The school called the Bob Graham Education Center acted after the mother of two students complained about Amanda Gorman's poem entitled "The Hill We Climb."
Under Governor Ron DeSantis, an arch conservative set to run for president in the 2024 election, Florida has been a battleground for clashes over cultural and social issues in the United States.

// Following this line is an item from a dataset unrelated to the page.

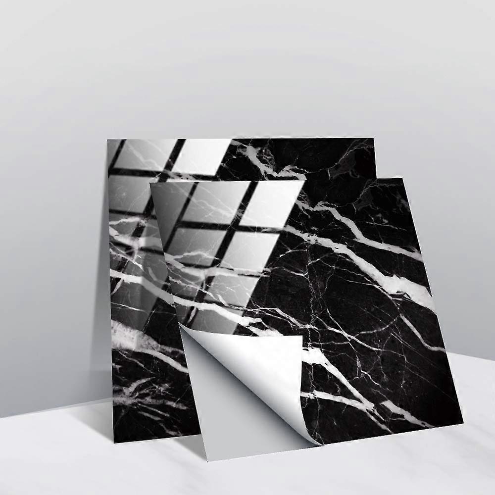 10pcs Kitchen Bathroom Wall Tile Stickers, DIY Square Marble Mosaic Scales Style Waterproof Decals Sticker Home Decor Self-Adhesive (Black 2,15x15cm)

Scores of books have been removed from the state's school library shelves in recent months, deemed inappropriate for children by conservative parents and school boards.
In this new case, a woman asked in late March that five works in the Bob Graham library be removed on grounds they served to indoctrinate children, according to documents obtained by the Florida Freedom to Read Project, and shared with AFP.
One of those works is "The Hill We Climb" which Gorman, then 22, read at Biden's inauguration in January 2021.
The poem was a call for unity and hope in politically polarized America, and Gorman became an overnight star after reading it on the steps of the US Capitol.
It has now been removed from the Bob Graham library used by first graders and placed in a section reserved for kids over age 11.
A school material review committee did not explain the reasons for its action.
Gorman, the first person to be named National Youth Poet Laureate, said she was devastated.
"I wrote 'The Hill We Climb' so that all young people could see themselves in a historical moment," she wrote on Twitter.
"Robbing children of the chance to find their voices in literature is a violation of their right to free thought and free speech."
The school review committee said the poem did have "educational value because of its historical significance."
Gorman was the youngest poet ever to perform at a US presidential inauguration.
News of the library restrictions came a week after publisher Penguin Random House and writers' group PEN America filed a lawsuit against a Florida school district over the removal of books from public school libraries that address race and LGBTQ issues.